It’s a great song. But it’s really hard to do in real life.

I have to confess that shining the light of Jesus has always been the “weakest link” in my nearly 40 year spiritual journey as a Christ-follower. Although I have the privilege to have led dozens of people to Christ and planted lots of seed, I still feel like I am fall short in this area of my life. I’m afraid to get to the end of my life and I’ll be like Oskar Schindler (from the movie “Schindler’s List”) who, at the end of saving over 1,000 Jews from death, weeps regretfully over the fact  that he could have saved a lot more if he wasn’t so self-absorbed. I fear there are people who might not know Christ if I keep “hiding my light under a bushel” or “allow Satan to blow it out.”

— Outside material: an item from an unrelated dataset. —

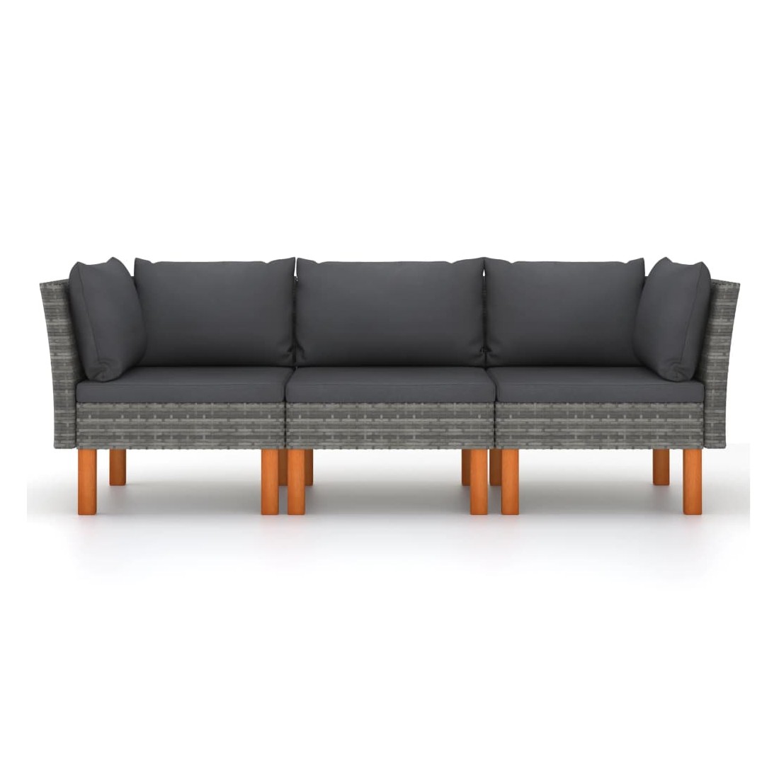 Canapé de jardin à 3 places avec coussins Gris Résine tressée

My church calls this shining of Christ’s light, “Compassionate Outreach.” It’s the Spirit inspired and Biblically mandated activity of going outside of ourselves to help others know the life and love of God in Jesus Christ. Other groups call it “evangelism” – which means “sharing the Good News.” But we also include the “actions” of the Good News (showing compassionate love to others through meeting needs), as well as the message (that God invites us into His eternal life as we receive forgiveness of sins through Christ and following His Lordship).

But as I said earlier, it’s easier said than done. The reason for the difficulty is that there are tremendous spiritual, cultural and pragmatic forces working against Christ-followers to share the Gospel with others. Our culture frowns on people who act spiritual and are too “outward” with their faith. We sense the fear of being labeled a “Bible thumper” or “weird religious fanatic” by others. Spiritually, there is an enemy who knows that if we effectively help others become Christ followers, his dark work is severely threatened. So Satan and darkness furiously work at keeping our faith “inward” and keeping the Kingdom of God contained.

The pragmatic obstacles are varied. One pragmatic obstacle is confusion over the “how” of evangelism. Many have this complex scenario in their minds that involves memorizing scripture, giving a “spiel”, and personally leading a person to pray the “sinner’s prayer.” Or we think that evangelism means we need to manipulate people into believing something they don’t really want to believe in. Maybe we got these ideas from our well-meaning churches or leaders. But I don’t think that’s what Christ had in mind when He told us to “let our light shine.”

Another pragmatic obstacle is that some of us are never “present” for unbelievers. We spend all our time relating with people who are already Christ-followers. It is so easy to stay in the “safe” confines of church activities and fellowship. Sometimes we don’t see our work or neighborhoods or community as places to build significant relationships with others. Sometimes we just don’t have the “time.” This is a very big challenge for those who are in ministry.

So what do we do?

As I confessed, this is my weakest area, but I have found these things to be helpful in growing in the habit of Compassionate Outreach:

1. Pray for God to open our eyes to see the “harvest.” The “harvest” is a word-picture of the lost people in the world whose hearts God is moving. In John 4:35, Jesus tells his disciples to “open their eyes to see the fields ripe for ‘harvest.’” There are people around you and me who need Jesus. We just need to see them (and not pass by on the other side). So we pray for God to open our eyes.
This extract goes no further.